*** Data section Section Begins ***
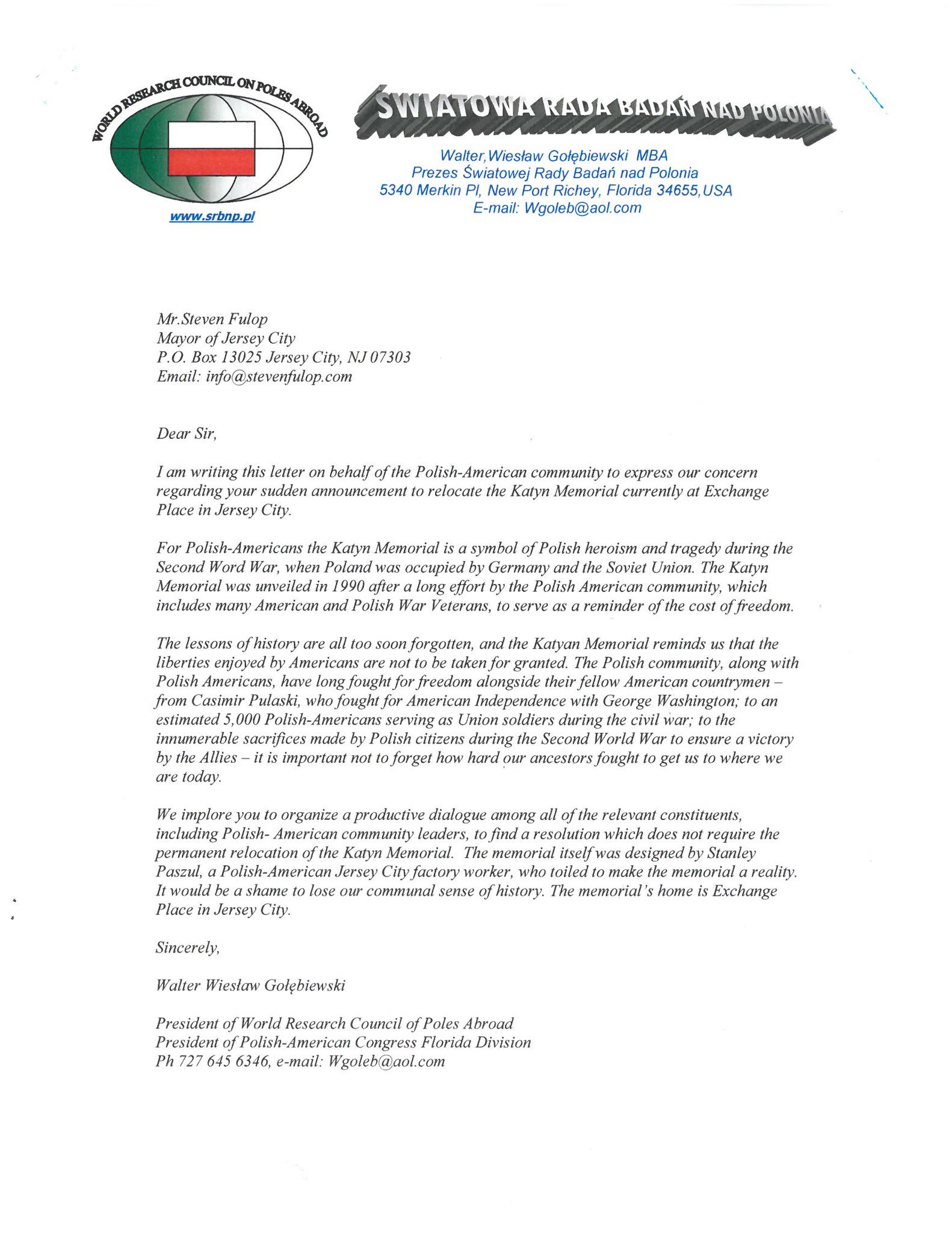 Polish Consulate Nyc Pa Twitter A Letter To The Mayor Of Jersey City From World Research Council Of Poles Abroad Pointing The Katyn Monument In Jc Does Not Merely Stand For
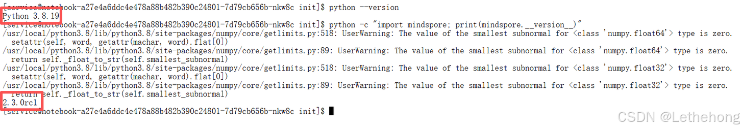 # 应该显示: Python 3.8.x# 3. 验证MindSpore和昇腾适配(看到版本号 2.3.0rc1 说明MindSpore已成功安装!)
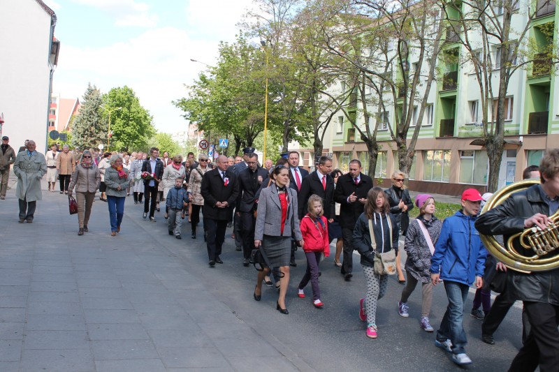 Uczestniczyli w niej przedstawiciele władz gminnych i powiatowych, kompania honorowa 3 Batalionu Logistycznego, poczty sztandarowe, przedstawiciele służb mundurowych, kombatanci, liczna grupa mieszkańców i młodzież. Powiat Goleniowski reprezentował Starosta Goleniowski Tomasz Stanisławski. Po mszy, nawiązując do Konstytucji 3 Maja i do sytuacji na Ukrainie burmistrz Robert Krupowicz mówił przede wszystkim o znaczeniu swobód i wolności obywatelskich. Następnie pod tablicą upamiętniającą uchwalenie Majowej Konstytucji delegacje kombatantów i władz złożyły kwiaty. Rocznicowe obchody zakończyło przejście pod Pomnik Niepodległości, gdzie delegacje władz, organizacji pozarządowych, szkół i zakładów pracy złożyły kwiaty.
*** Data section Section Ends ***
What you have to do
The first line of the listing through the line with "# 应该显示: Python": repeat exactly that span and nothing more, skipping pictures.

Exercise answer
 Polish Consulate Nyc Pa Twitter A Letter To The Mayor Of Jersey City From World Research Council Of Poles Abroad Pointing The Katyn Monument In Jc Does Not Merely Stand For
 # 应该显示: Python 3.8.x# 3. 验证MindSpore和昇腾适配(看到版本号 2.3.0rc1 说明MindSpore已成功安装!)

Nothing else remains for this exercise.